Origin of biomolecular homochirality
Life’s molecular machinery is homochiral: all living systems use just one mirror-image of molecules. How did this happen?
Biomolecules, such as amino acids and sugars, exist as mirror-image pairs, or enantiomers, which is the property of chirality. In the absence of a driver to induce one chiral form, abiotic synthesis of these molecules results in an equal mixture of left- and right-handed forms, or a racemic mixture. Interestingly, biological systems exclusively use one enantiomer: amino acids are left-handed, while nucleic acids and sugars are right-handed—making biological systems homochiral.
This fundamental characteristic raises the question of how life on Earth acquired homochirality, which Science magazine has ranked among the 125 most significant scientific questions! Our research group is interested in this big question, first sparked by Pasteur's discovery of biomolecular homochirality more than 175 years ago.
We have demonstrated that a relatively recently discovered phenomenon in physics—chiral-induced spin selectivity (CISS)—can account for life's chiral selectivity. CISS involves the strong coupling of electron spin to molecular chirality, enabling achiral magnetized surfaces to function as chiral agents via spin-controlled asymmetric interactions.
By using magnetic mineral surfaces, like magnetite (Fe3O4), as asymmetric templates for the crystallization of ribose-aminooxazoline (RAO), a central RNA precursor, we have paved the way for the formation of homochiral RNA. Additionally, based on experimental findings, we have proposed a mechanism for transferring RNA's homochirality to peptides and subsequently to metabolites, thereby addressing the opposite handedness of D-nucleic acids and L-peptides in biological systems.
Our results, for the first time, have demonstrated a plausible pathway to achieve a homochiral prebiotic network from fully racemic starting materials, through a robust and novel mechanism.

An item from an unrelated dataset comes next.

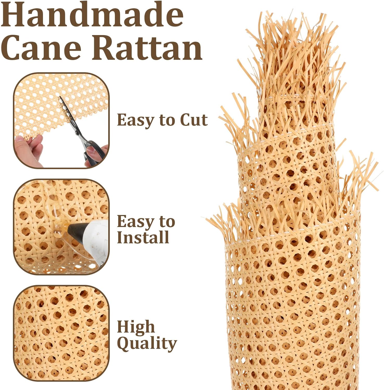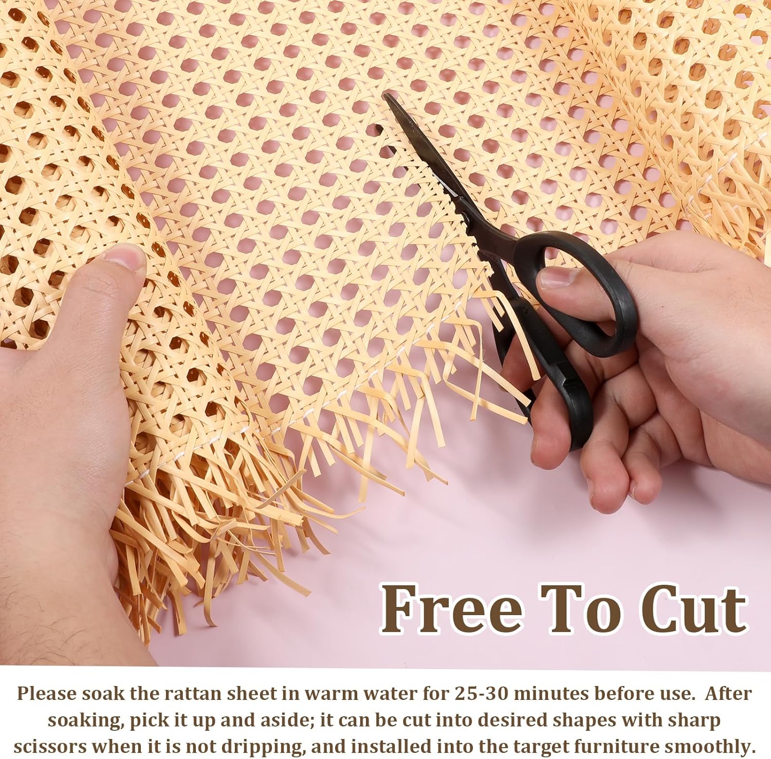 Easy to Cut and Shape: The IANFAN cane webbing is easy to cut and shape, making it easy to customize for your needs. Soak the furniture in warm water for 25 to 30 minutes before using it. After soaking, pick it up and set it aside. When it is no longer dripping, you can cut it.

We are now set to finish the challenge and refine the scenario on which we have already made great progress. Next, we are excited to work with natural materials and chemically heterogeneous mixtures. Moreover, we aim to experimentally verify a feedback mechanism between magnetic surfaces and chiral molecules that can spontaneously self-amplify to a homochiral state, even in the absence of an external field. Furthermore, our proposal for achieving network-wide homochirality could be extended to involve many other compounds, including phospholipids. Studying the spin-controlled asymmetric synthesis of prebiotic compounds on magnetic mineral surfaces is yet another challenge.
The homochirality problem of life—and the role of magnetization in this challenge—offers rich avenues of research with many potential breakthroughs and real-world applications.